I am sorry, nice friendly person, that I am not talking much back to you. It is kind of you to ask me all about things I am up to in my life and work but I am using my last bit of energy to breathe at the moment. I am not being rude to you, I would love to talk more, and feel so awful that I must be giving the impression of someone totally disinterested and ungrateful. Inside I feel sad. But I cannot form the words, today they are too tiring. Please read the Spoon Theory – you may get a glimpse of how it is. For now though, I wish I could say this to you. Be honest. But I smile, say I’m fine, and attempt to eke out a few words in response to your kindness. I then go, leaving you feeling like I’m pretty unfriendly. I am sorry. If you got to know me, you’d realise I’m quite nice really.
Dear lovely friend:
I’m sorry I couldn’t hold a coherent conversation with you on the phone. I love chatting with you but worry you must think I don’t want to be bothered with you, can’t wait to get off the phone. I’m sorry. My pain is making it difficult to talk and draining energy for chat, and the drugs addle me somewhat. I’d love to have a good long girlie chat, but today I cannot. It’s not you, it’s me, and all that.

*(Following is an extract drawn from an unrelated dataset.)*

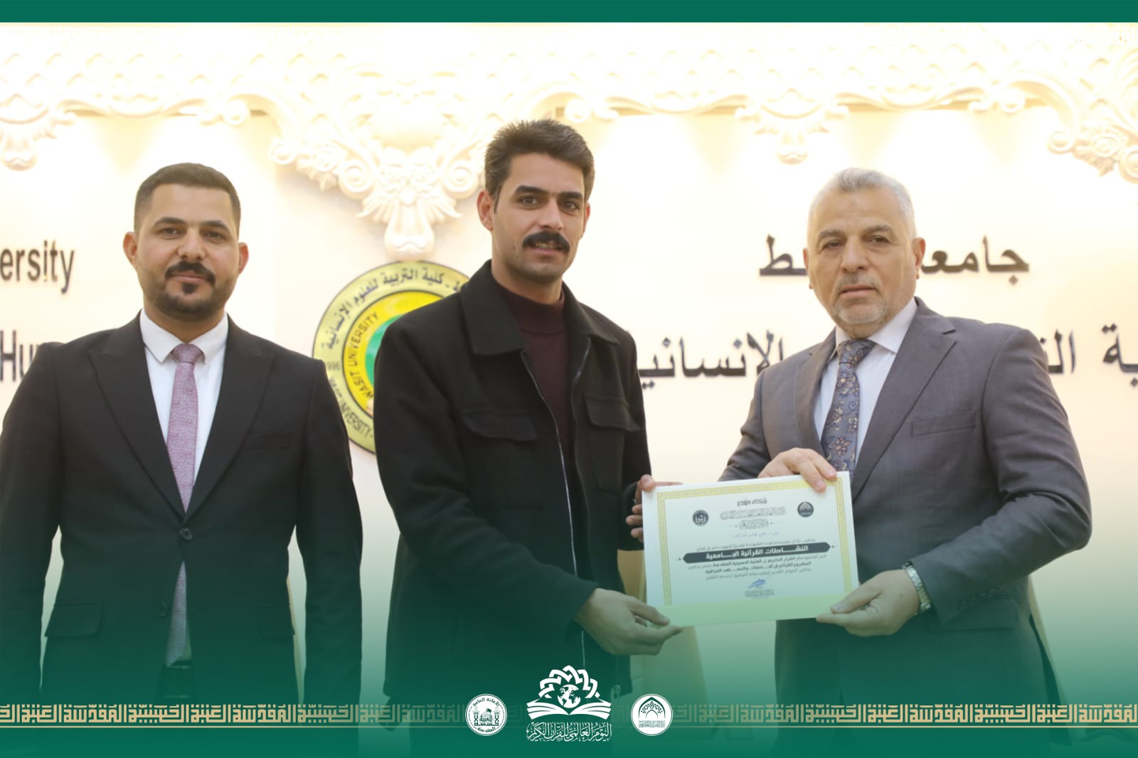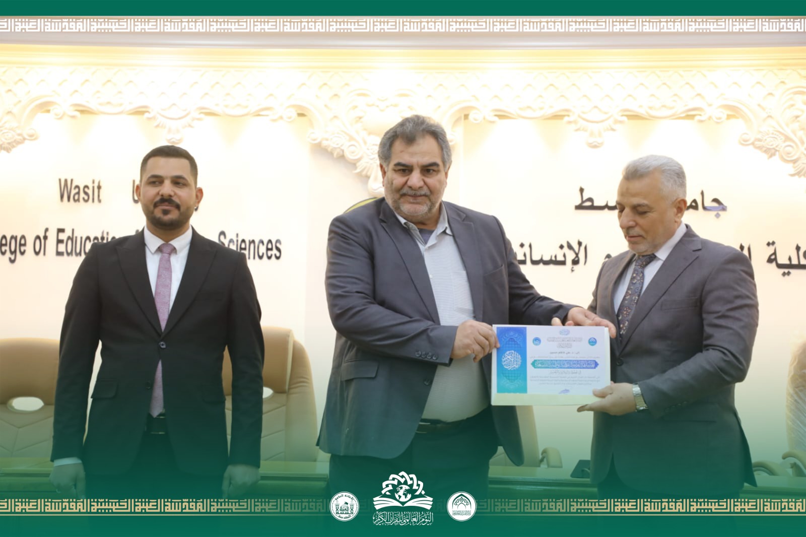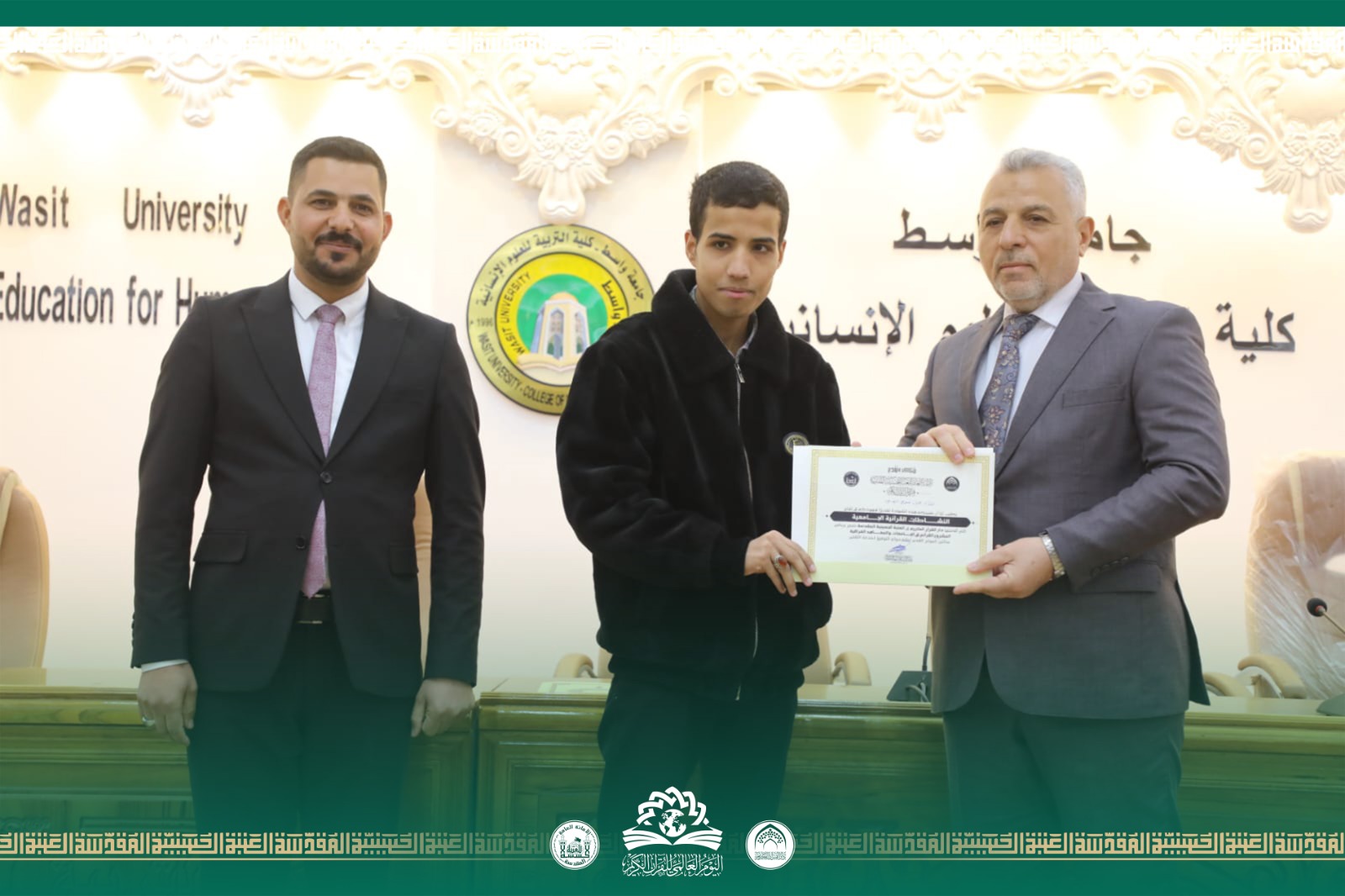 مبينًا:"اختُتم المحفل بتكريمٍ متبادل بين جامعة واسط والعتبة الحسينية المقدسة، حيث قدّم القائمون على الفعالية شكرهم وتقديرهم إلى قسم دار القرآن الكريم في العتبة الحسينية المقدسة، على جهوده المتواصلة في إقامة الأنشطة القرآنية الهادفة، التي تسهم في نشر الثقافة القرآنية ورفع صوت القرآن في أروقة الجامعات.

Dear Daughter and Daughter’s friends:
I’m delighted you are having fun together today. I would love to be up and about making cakes for you and giving you drinks and making you feel welcome and at home. I am so sorry I’m huddled on the sofa under a blanket looking pretty rank. I worry about your impressions of me. I shouldn’t. I wish, DD, that I could be a better Mum for you.
I’d love to play games with you all day. I wonder if you think I don’t care very much about you sometimes, when you’ve asked me and I’ve yet again said no. And when you’ve asked me for a story and I’ve said not tonight. Tonight I just haven’t got the breath, DS. I love you so much and wish I could do more for you and with you. I’ll read that story soon.
Dear Random Stranger:
Please don’t ask me what I do, or suggest what I could do. OK? Thanks. 🙂
Dear Adventure Bloke:
I am so grateful I never have to pretend with you, or apologise for being ill. Not that I’d get away with such antics.
Thanks that you know all these things and all these thoughts and all these feelings. And I never have to pretend with you. And I know you’re always with me.